Firmus Technologies has banked another $100 million in a strategic investment from ASX-listed Maas Group Holdings as the startup ramps up plans for AI data centres across Australia.
The Australian-founded, Singapore-based company, founded in 2019 by Oliver Curtis, Tim Rosenfield and Jonathan Levee, has now has now raised more than $900 million in less than five months, having secured $500 million in mid November, and just two months earlier, $330 million in a deal with Nvidia. The new investment is at November’s c. $6 billion valuation.
Maas Group (ASX:MGH) surprised the market on Thursday when it revealed the sale of half the business, the construction materials division for $1.7 billion.
The $100m investment in Firmus gives the business a 1.7% stake, with founder and CEO Wes Maas saying it’s about deploying capital into areas where they see strong structural tailwinds.
“The investment supports closer strategic alignment and positions MGH to participate in future digital infrastructure opportunities, while retaining flexibility and capital discipline,” he said.
Firmus, previously a bitcoin miner, made a dramatic entrance in 2025, announcing plans to build a green-powered AI data centre in Tasmania in the partnership with the state government. Within months, the company then revealed a $73.3 billion plan, dubbed Project Southgate, for AI infrastructure in Melbourne, Canberra, Sydney and Perth.
Sovereign manufacturing
Maas subsidiary JLE (electrical and electrification systems) will be part of the Firmus supply chain for their roll out, with the startup’s co-CEO, Tim Rosenfield, said that deal was part of their focus on establishing sovereign Australian manufacturing capacity for the core components required to build AI facilities, including cooling, power and integrated system modules.
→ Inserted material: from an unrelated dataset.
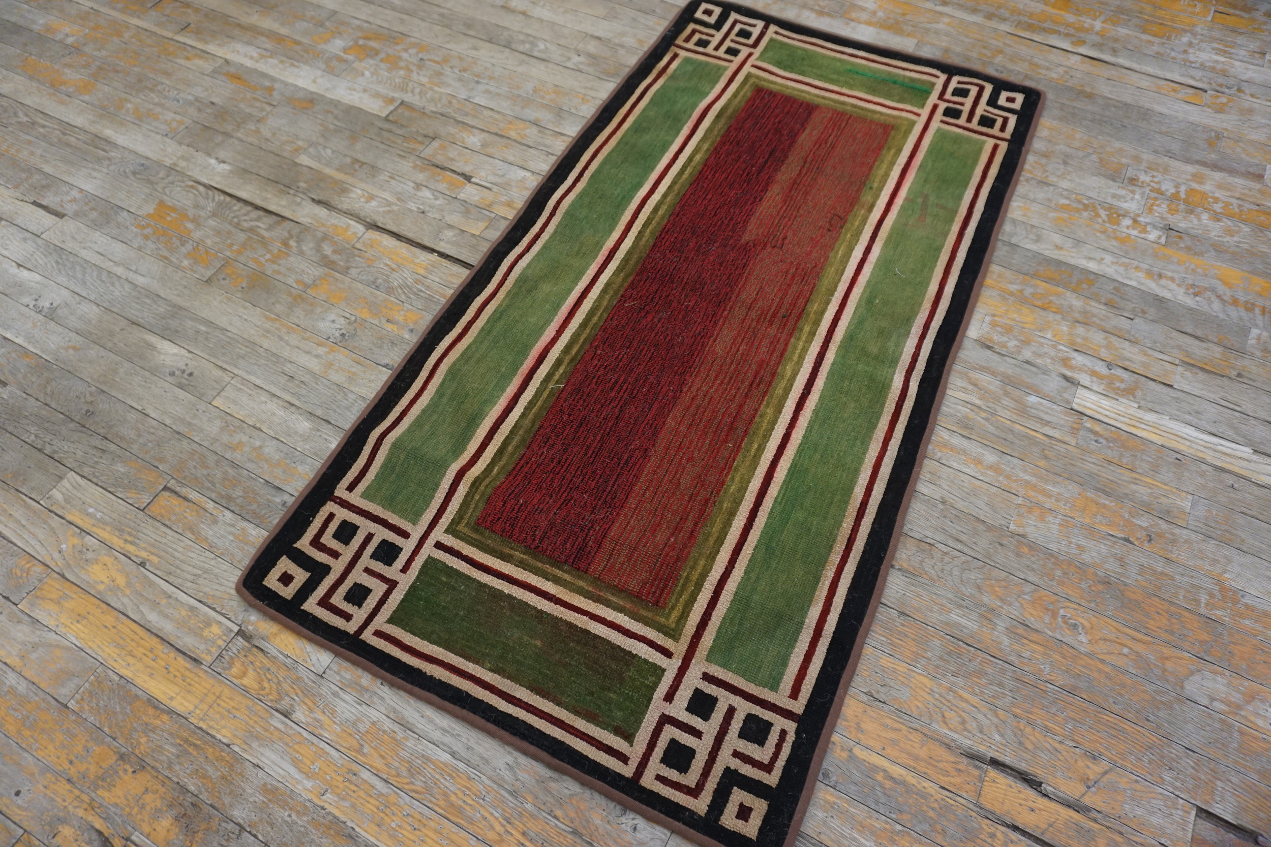 This piece offers a rare combination of folk artistry and modern architectural design sensibility, showcasing the transitional aesthetic of the 1920s. Preserved in excellent condition, it serves as a powerful decorative accent and a fine example of collectible antique rugs from the American textile movement.

Benmax, a 40-year-old Queanbeyan-based air-conditioning business, is also part of the collaboration.
“Firmus’ co-designed AI Factory platform is being produced at scale in Australia,” he said.
“We work closely with global technology partners to define the performance, cooling and energy requirements of AI infrastructure from the ground up. Those designs are then manufactured and delivered through Australian industrial partnerships such as Maas and Benmax, who build the physical systems at scale.”
His co-CEO, Oliver Curtis, said the goal was to create a faster, more reliable model for AI infrastructure delivery.
“By investing early in a sovereign supply chain and partnering with groups like Maas and Benmax we’re removing friction from global delivery and building a platform that can respond to AI demand in real time,” he said.
“This is about turning Australia into a builder of AI infrastructure, not just a host whilst creating hundreds of highly skilled lasting jobs for local community.”
The company said its AI Factory warehouses and Project Southgate deployments are under construction across multiple sites, with new capacity coming online through 2026.
Project Southgate is hoping to deliver Firmus AI Factory deployments of up to 1.6 gigawatts by 2028. The business is also reportedly contemplating an IPO in the next 12 months.
The Firmus cap table includes Nvidia, Ellerston Capita,l Phil King’s Regal Funds Management, Archibald Capital, Tectonic Investment Management, Alex Waislitz and the Pratt family.